“Strive not to be a success, but rather to be of value.”
Albert Einstein
Take this, Hesse…you’ve got sarcasm dripping down onto your shirt.
The story of Hans Geibenrath’s journey toward maturity marks the beginning of Hermann Hesse’s infatuation with the topic. Despite lacking the depth and range of Demian, Beneath The Wheel explores the concept at a truly accessible level. Hesse’s brilliant and poetic style, though kept in relative check through this book, adds to the sheer pleasure of turning these pages.
Hesse explores three major crossroads in Hans’ journey.
First, the academy, and the social institution of scholarship and its general policies, plows irreverently across Hans’ road and he speeds to his right and left chasing the glories of academic fertility. Alongside him, schoolmasters, instructors, priests and parents zoom by with dust, debris and the occasional body spitting behind their vehicles. Hesse sarcastically impales these people and accuses them of repressing the liquor of curiosity naturally imbibed in youth.
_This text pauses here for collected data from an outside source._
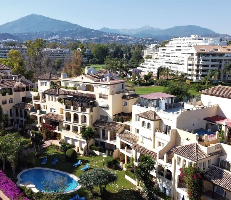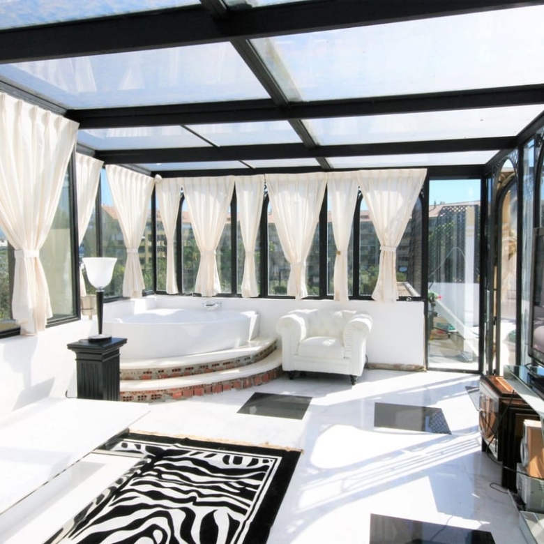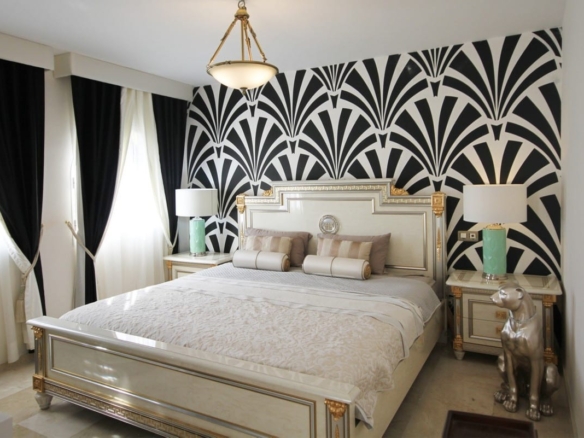 Situated frontline golf in the highly desirable area of Guadalmina Alta lies what is possible the only Art Deco apartment in the whole of Andalucia. This utterly stunning duplex penthouse is located in small quiet complex of apartments away from any road noise and yet just a short distance away from the town of San Pedro and the many restaurants and amenities of Guadalmina. Upon entering the property you immediately get a sense of space and opulence, due to both the distribution and the incredible decor and furnishings throughout the penthouse. On the main level you have an enormous living room with a separate dining area off to the left and a further sitting area off the living room to the right which over looks the Guadalmina golf course. The exquisite furnishings and decor are unique Art Deco pieces from around the world, many of which have great provenance and have come from America via auction houses in Paris, London and Rome. The thought and attention to detail that has gone into this Art Deco property is absolutely outstanding and must been seen first hand to be able to truly appreciate in its entirety. As you would expect, the fully fitted kitchen is in keeping with the rest of the house in terms of both quality and design, and that continues of course through into both the large master suite and the second bedroom with it own adjoining bathroom. A staircase leads from the dining area up to an exquisitely designed conservatory/ bedroom suite with jacuzzi, which again enjoys the amazing views out over the golf course. This in turn leads out onto 65m2 solarium with a Jacuzzi, again all this conforming with the elegant Art Deco style.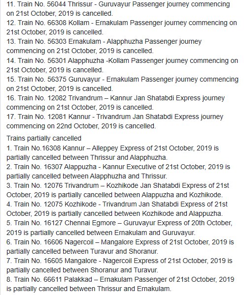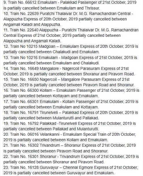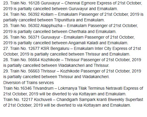 UncategorisedSouthern Railway : Trains cancelled due to heavy rain in Ernakulam area. 22nd Oct 2019 Rail Duniya Share this: Share on WhatsApp (Opens in new window) WhatsApp Share on X (Opens in new window) X Share on Facebook (Opens in new window) Facebook Share on Telegram (Opens in new window) Telegram Email a link to a friend (Opens in new window) Email Like Loading... Related Published by Rail Duniya Rail Duniya is a magazine publishing all India train timings since 1988. View all posts by Rail Duniya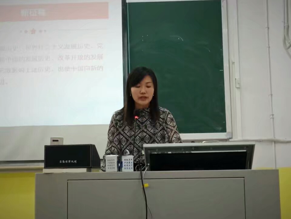 授课一开始,陈老师先向大家介绍了中国共产党第十九次全国代表大会的时间、主要精神和主要目标等基本信息,为本次授课的内容作了一个最基本的阐述,通过图表的形式使大家对党的十九大内容形成了一个基本的框架。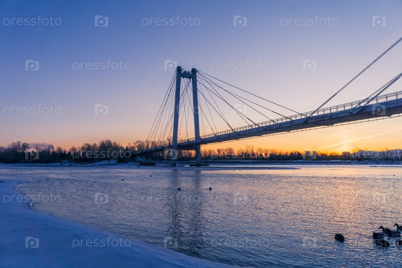 Зимнее морозное утро над Енисеем в центре Красноярска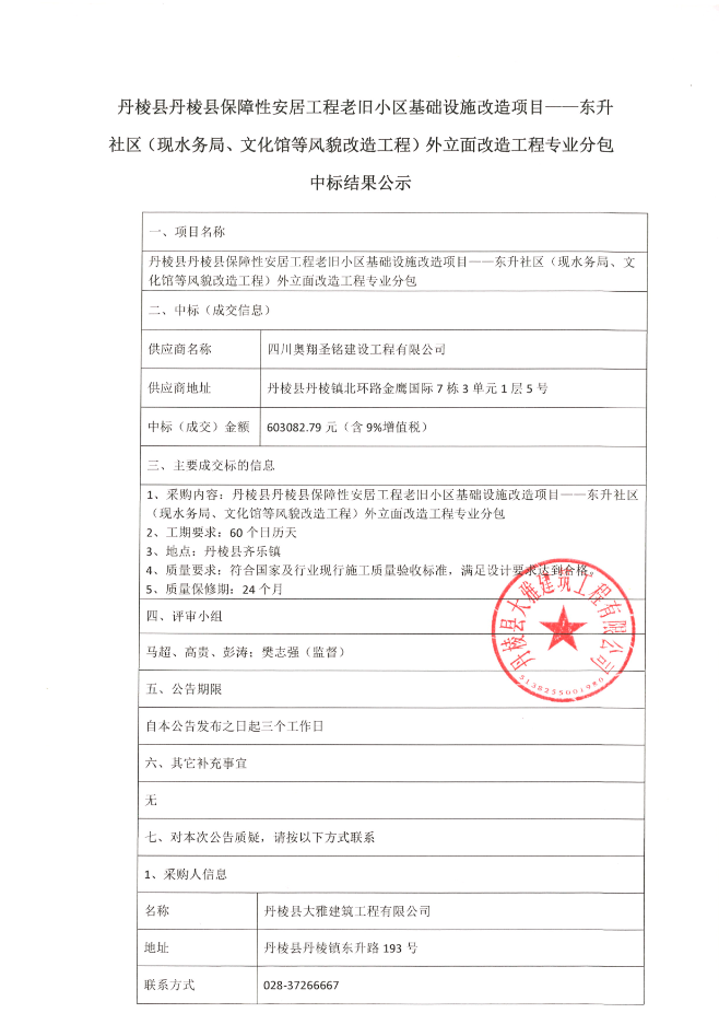 【大雅建筑公司】丹棱縣保障性安居工程老舊小區(qū)基礎(chǔ)設(shè)施改造項(xiàng)目--東升社區(qū)(現(xiàn)水務(wù)局、文化館等風(fēng)貌改造工程)外立面改造工程專(zhuān)業(yè)分包中標(biāo)結(jié)果公示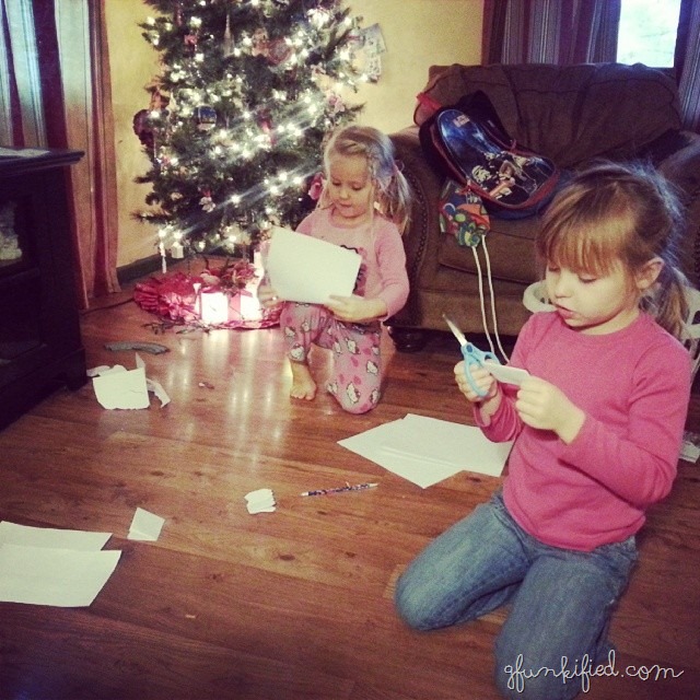 We have an advent calendar that we made in my mom’s group. It has an envelope for each day, with an activity in most of them. We got a day behind, so we caught up by making paper snowflakes.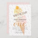 Este doce e fofo " Aqui está a colher!" convite de festas de primeiro aniversario de menina temática apresenta sorvete de morango e baunilha com aspersas e cereja em um fundo de sorvete branco. O verso apresenta um fundo cor-de-rosa pincelado com padrões de sorvete. Personalize para suas necessidades. Você pode encontrar mais produtos correspondentes na minha loja.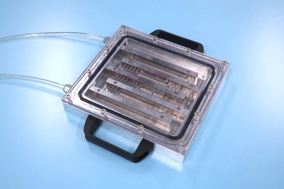 The team had an idea that might increase cooling performance while lowering costs, but there was no way to verify the approach they developed in the analysis.They were not confident that the water would flow through the metal frame as indicated in the analysis. To visualize the flow of water, the team built their own miniature model the size of a lunch box and repeatedly tested it.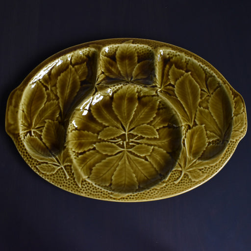 Brocante/蚤の市ヴィンテージのジアン オーヴァル大皿 バルボティーヌです。 バルボティーヌ製法でつくられた大皿にはマロニエのモチーフが施されています。フランスでは、街路樹として栗によく似た実をつけるマロニエが植えられています。 マロニエの花言葉は「贅沢」 何枚も重なり合った葉の立体感が見事に表現されていま...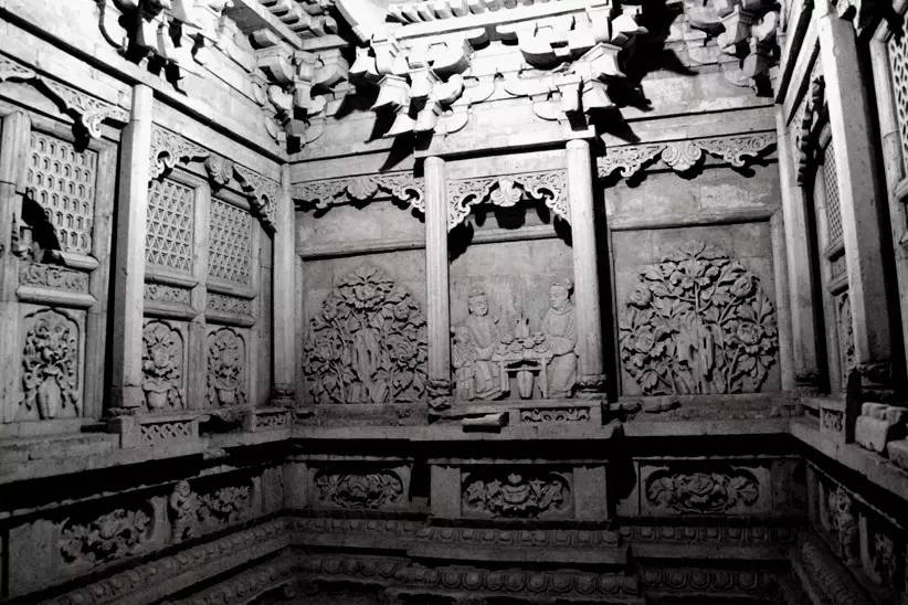 中國磚雕是由東周瓦當、空心磚和漢代畫像磚發(fā)展而來的。漢代畫像磚是墓室預(yù)制構(gòu)件的大型空心磚,它是在濕的泥坯上用印模捺印各種圖像。北宋時形成磚雕,成為墓室壁面的裝飾品。在河南、山西、甘肅等地發(fā)掘的北宋墓室,三面墻壁均以磚雕貼砌而成。墓室內(nèi)的磚雕數(shù)量、質(zhì)量以及所選用的題材,都取決于墓室主人的社會地位。常見的題材有墓室主人夫婦對坐、男仆托盤、侍女執(zhí)壺等,再現(xiàn)了墓室主人生前的生活情景。金代,墓室磚雕的內(nèi)容更加豐富,技藝也有所提高。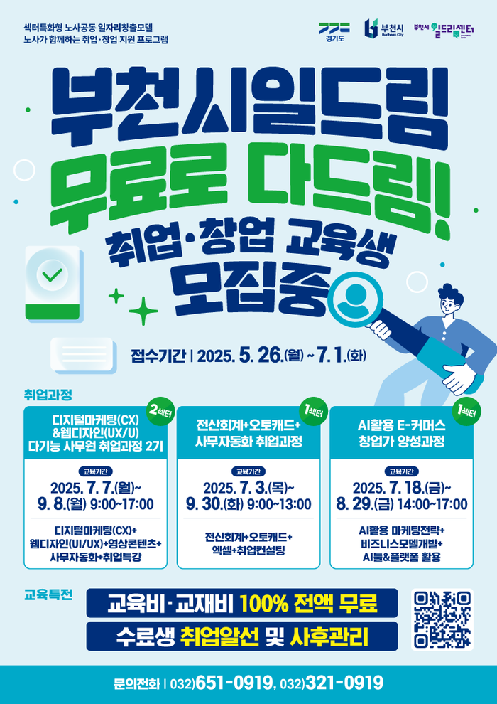 [부천=문찬식 기자] 경기 부천시는 부천시일드림센터가 오는 7월부터 9월까지 취ㆍ창업 교육과정 3개를 운영하며, 교육생을 모집한다고 26일 밝혔다.

They tirelessly spark ambitious conceit within the child’s breast and feed the flame of their own pompous self-worth. Split from nature and the instinctive inclination to indulge in youthful fascinations, Hans excels in the world of academia but drowns in the muck of arrogance and reckless ambition.
But Hans cannot escape the natural influence of his peers and eventually gives up scholarly politics and continues along his road. Suddenly, and quite beyond his control, love, or its physiological affectation, intersects his path seemingly from behind. Unlike the academic realm, the fork leading to love cannot be avoided and he cannot turn about and resume his journey from the road he had once traversed. This compulsive turn had revived him, had opened his heart to a very primal physiological state quite opposite from the mental fortifications he had built throughout his youth.
He approaches the last crossroads, filled at every corner with riotous drunkards and cigar-puffing hyenas herded together according to their crafts. The people he had once scorned and at whose existence he had scoffed at, the people he had loathed, who had motivated him to escape their vocational fate, living their kind of deplorable life as base workers and laborers, artisans and tradesmen, now transformed into a kind of living knowledge. Hans saw them now, though through a drunken haze, as men who chose to live what others chose to study from the wall. And beyond this intersection, Hans might have seen his destiny beneath the wheel – grinding down the path of his life under the gloomy routine and dull anguish of the machinist and locksmith.